= Beginning of Section =

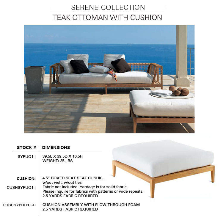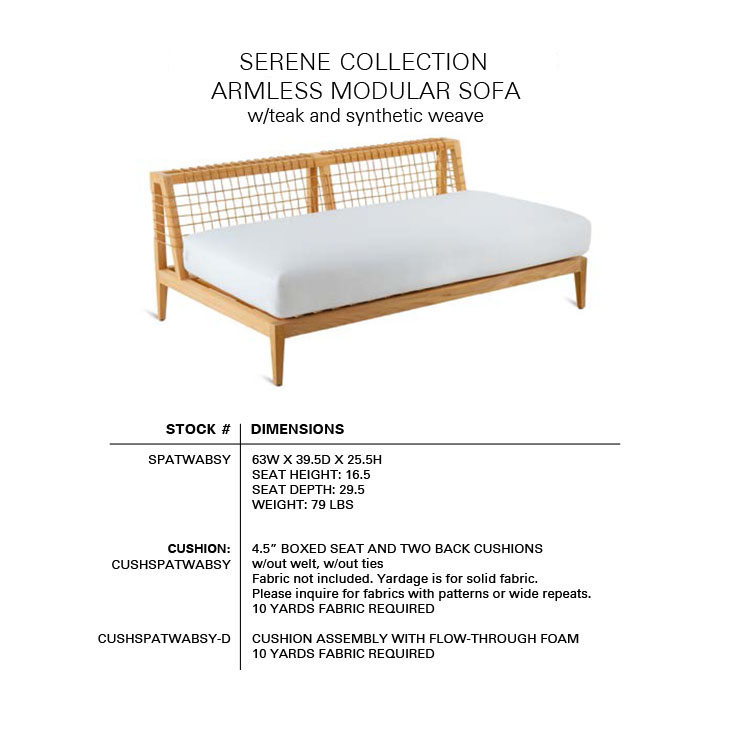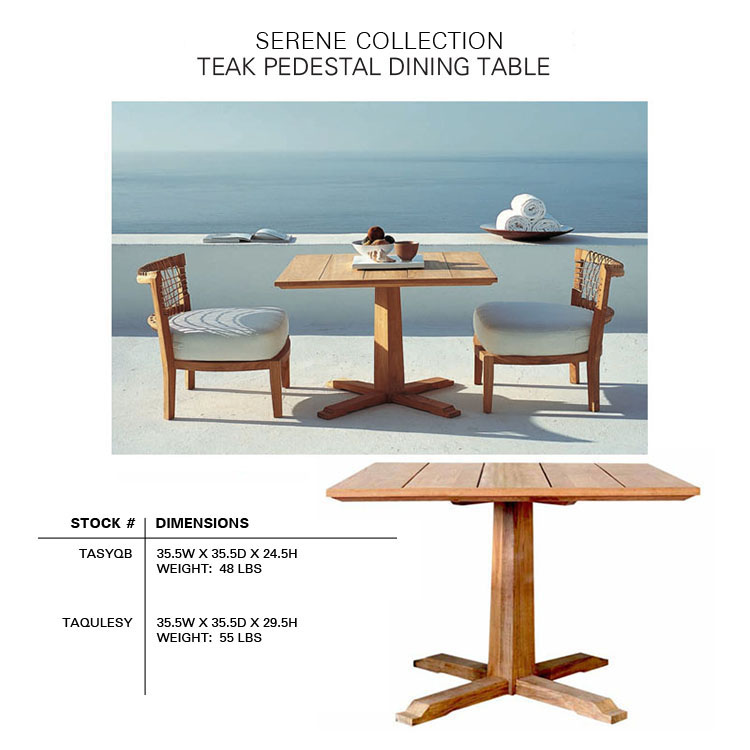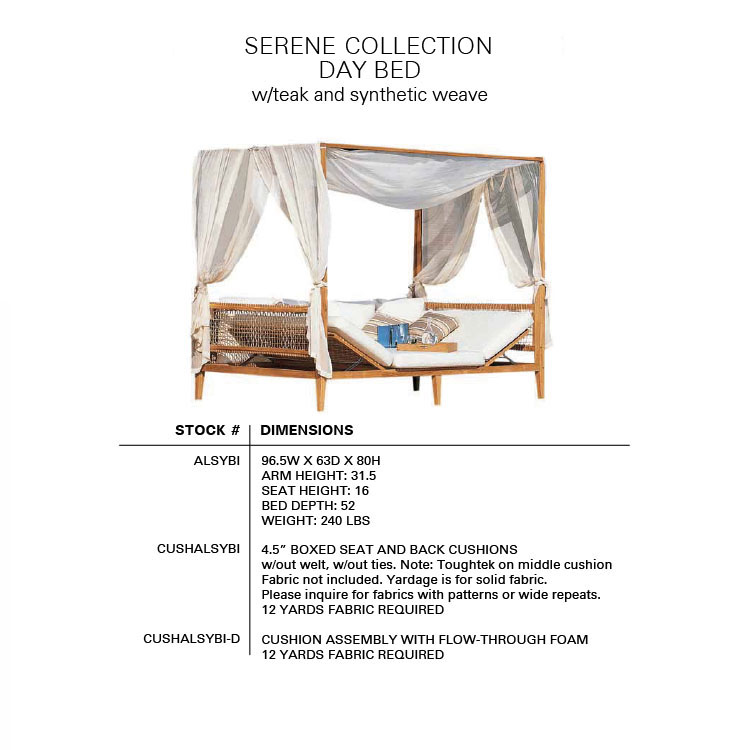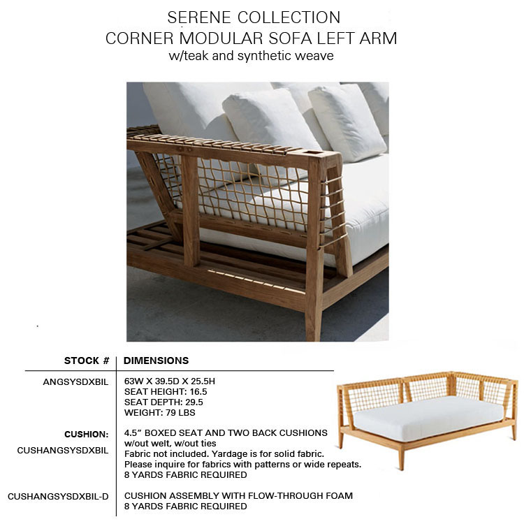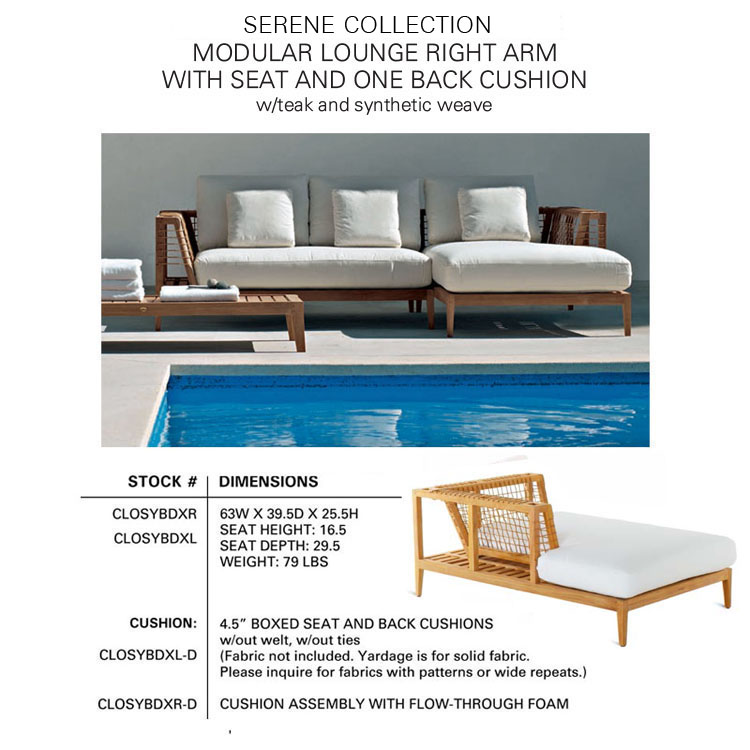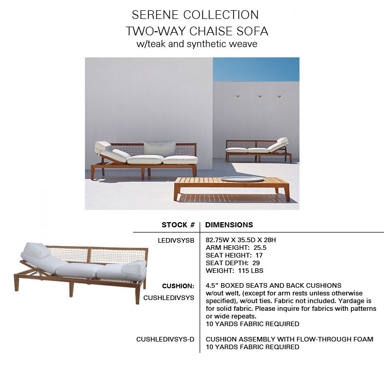 The SERENE Collection combines teak and Waprolace. The teak comes from sustainable plantations and the Waprolace is a handwoven synthetic fiber that is 100% recyclable.
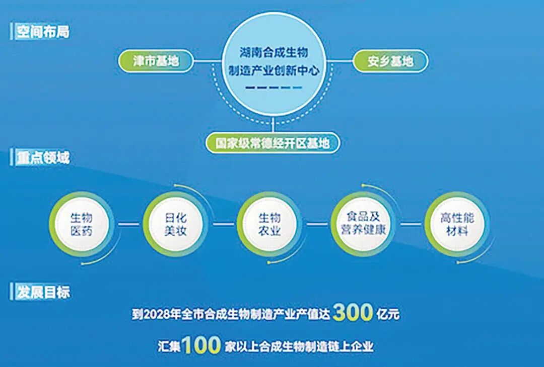 常德市编制出台《常德市合成生物制造产业发展规划(2024—2028)》,明确到2028年,基本建成具有全国影响力的合成生物制造新高地、成果转移转化首选地、产城融合发展示范地。
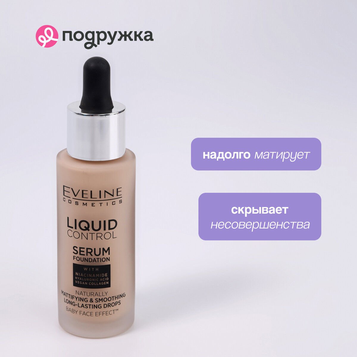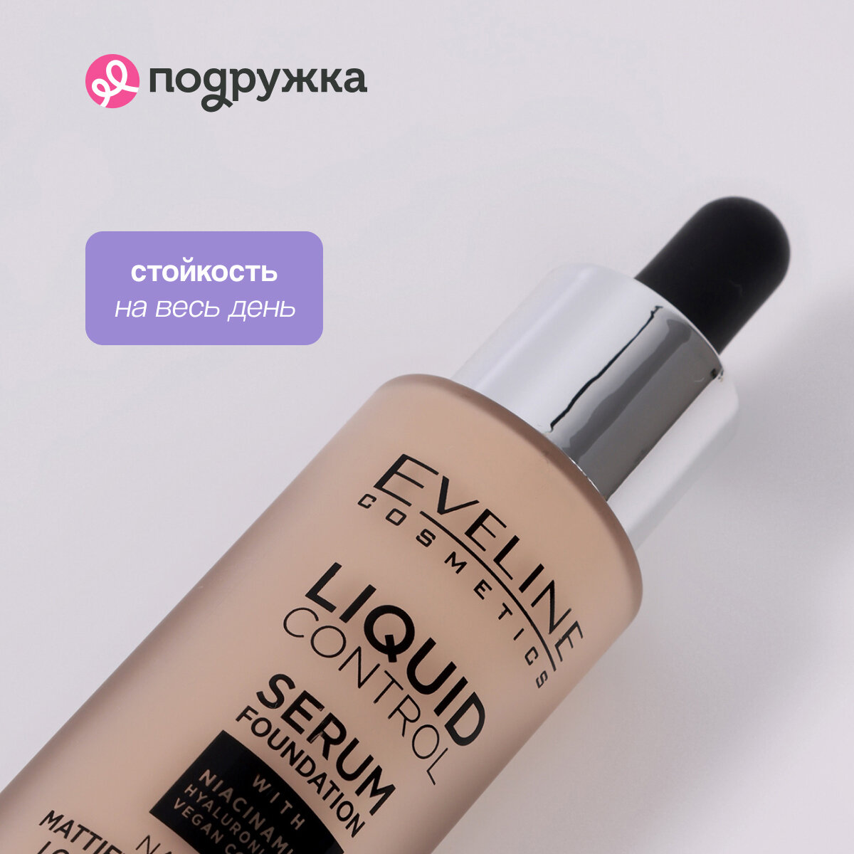 Тональная основа Eveline Liquid Control, инновационная, жидкая, 030, sand beige, 32 мл 600 ₽
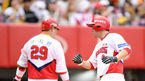 [OSEN=광주, 이대선 기자] 26일 오후 광주기아챔피언스필드에서 ‘2019년 신한은행 마이카 KBO리그’ KIA 타이거즈와 kt wiz의 경기가 열렸다.1회말 무사 1,3루에서 kt의 포일을 틈 타 홈을 밟은 안치홍이 더그아웃에서 박흥식 감
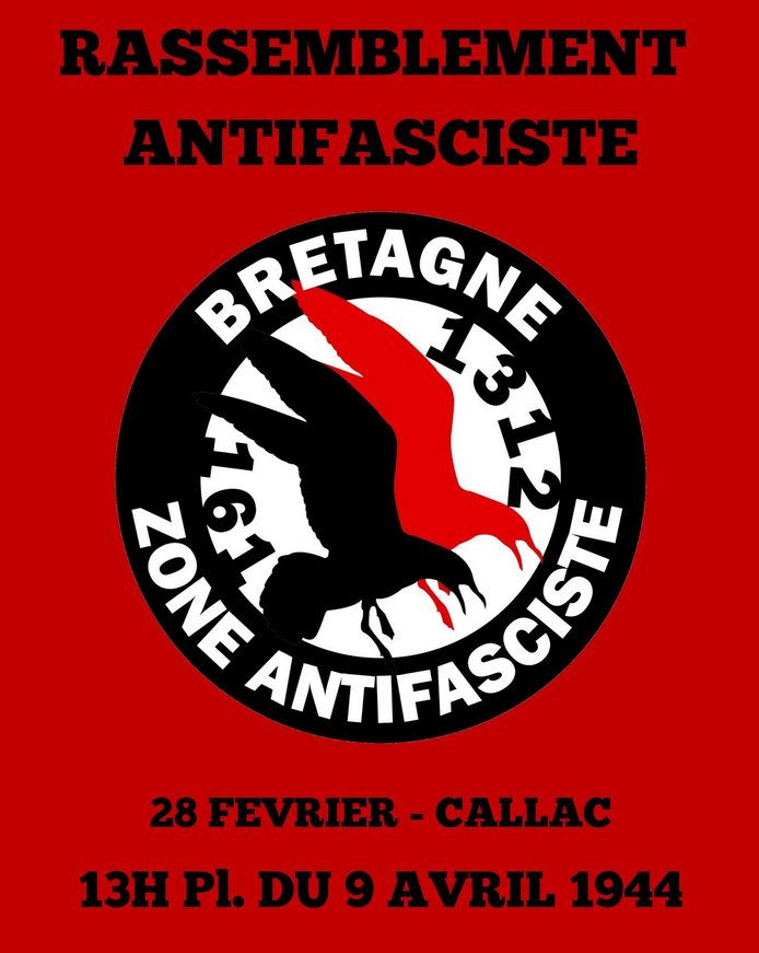 Ne le laissons pas faire. Rassemblons nous le 28 février à 13 heures place du 9 avril 1944 à Callac, pour une Bretagne antifasciste ouverte et Solidaire.
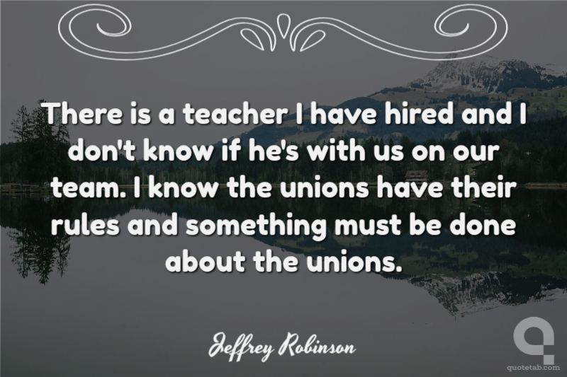 There is a teacher I have hired and I don't know if he's with us on our team. I know the unions have their rules and something must be done about the unions.
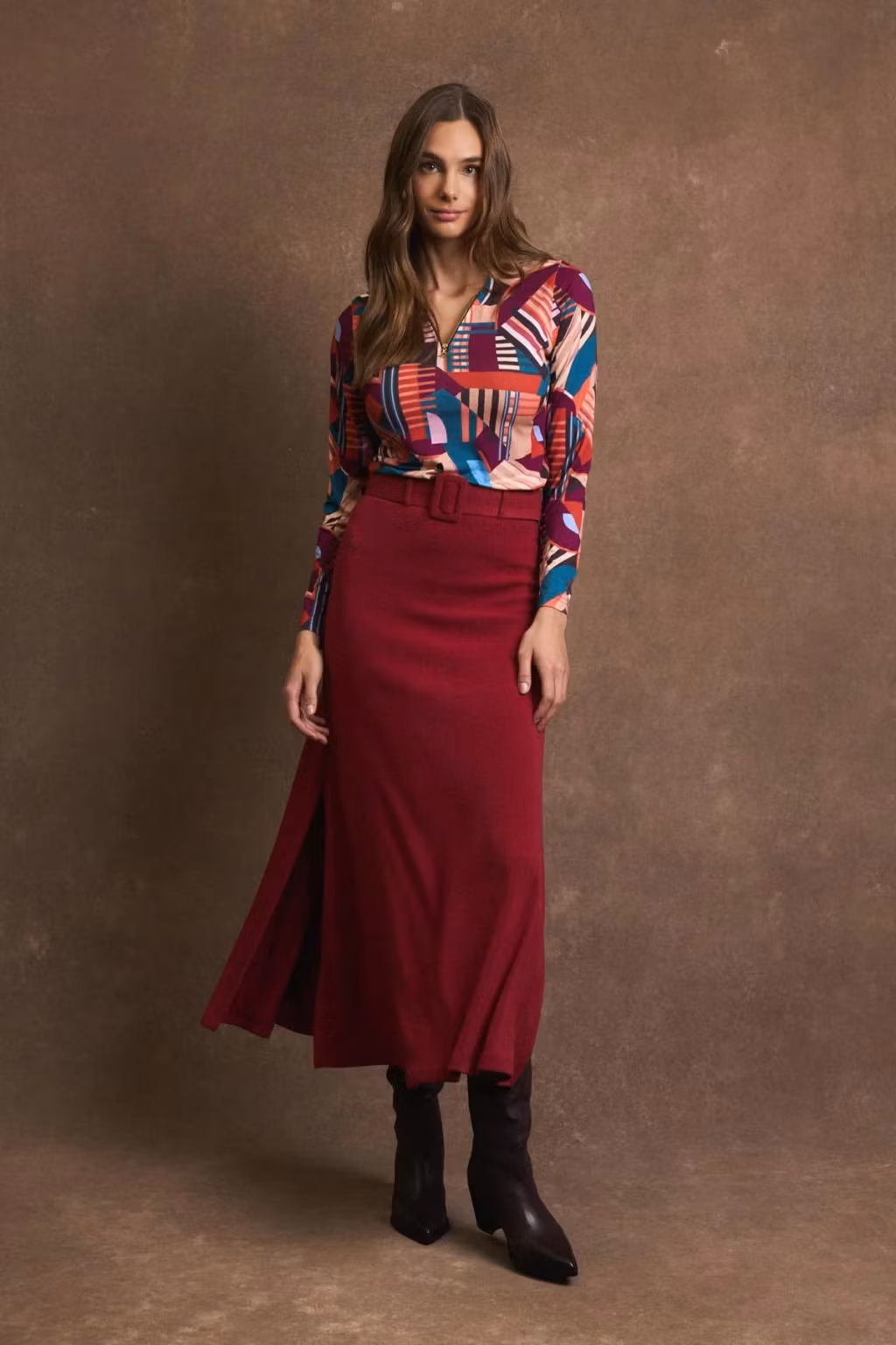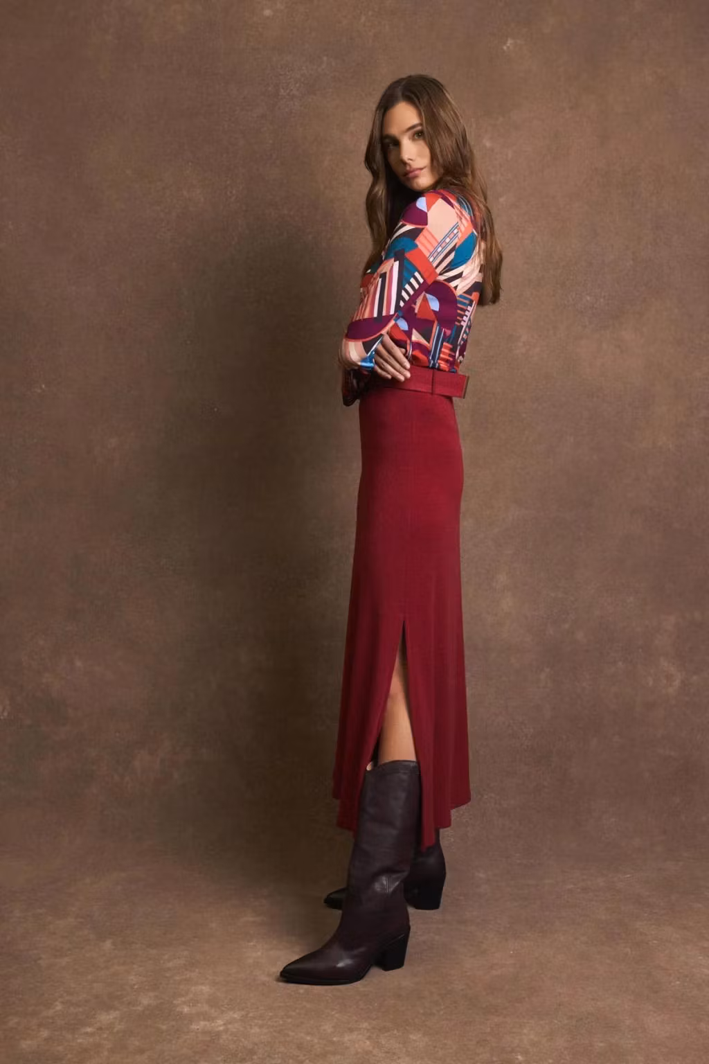 I lager. TINTA Långkjol , Djupröd 950 kr storlek XS S M L XL XXL Lägg i varukorgen Långkjol med gummiband i midjan och skärp. Hög slits i sidorna. Färg : Djupröd Material : 88 % Polyester , 8 % Viscose , 4 % Elastan Tvättråd : 30°

= End of Section =

_Problem details_
Restate word for word the lines from the one containing "常德市编制出台《常德市合成生" through the end of the material above, both included, and nothing besides; drop the pictures.

_Task solution_
 常德市编制出台《常德市合成生物制造产业发展规划(2024—2028)》,明确到2028年,基本建成具有全国影响力的合成生物制造新高地、成果转移转化首选地、产城融合发展示范地。
 Тональная основа Eveline Liquid Control, инновационная, жидкая, 030, sand beige, 32 мл 600 ₽
 [OSEN=광주, 이대선 기자] 26일 오후 광주기아챔피언스필드에서 ‘2019년 신한은행 마이카 KBO리그’ KIA 타이거즈와 kt wiz의 경기가 열렸다.1회말 무사 1,3루에서 kt의 포일을 틈 타 홈을 밟은 안치홍이 더그아웃에서 박흥식 감
 Ne le laissons pas faire. Rassemblons nous le 28 février à 13 heures place du 9 avril 1944 à Callac, pour une Bretagne antifasciste ouverte et Solidaire.
 There is a teacher I have hired and I don't know if he's with us on our team. I know the unions have their rules and something must be done about the unions.
 I lager. TINTA Långkjol , Djupröd 950 kr storlek XS S M L XL XXL Lägg i varukorgen Långkjol med gummiband i midjan och skärp. Hög slits i sidorna. Färg : Djupröd Material : 88 % Polyester , 8 % Viscose , 4 % Elastan Tvättråd : 30°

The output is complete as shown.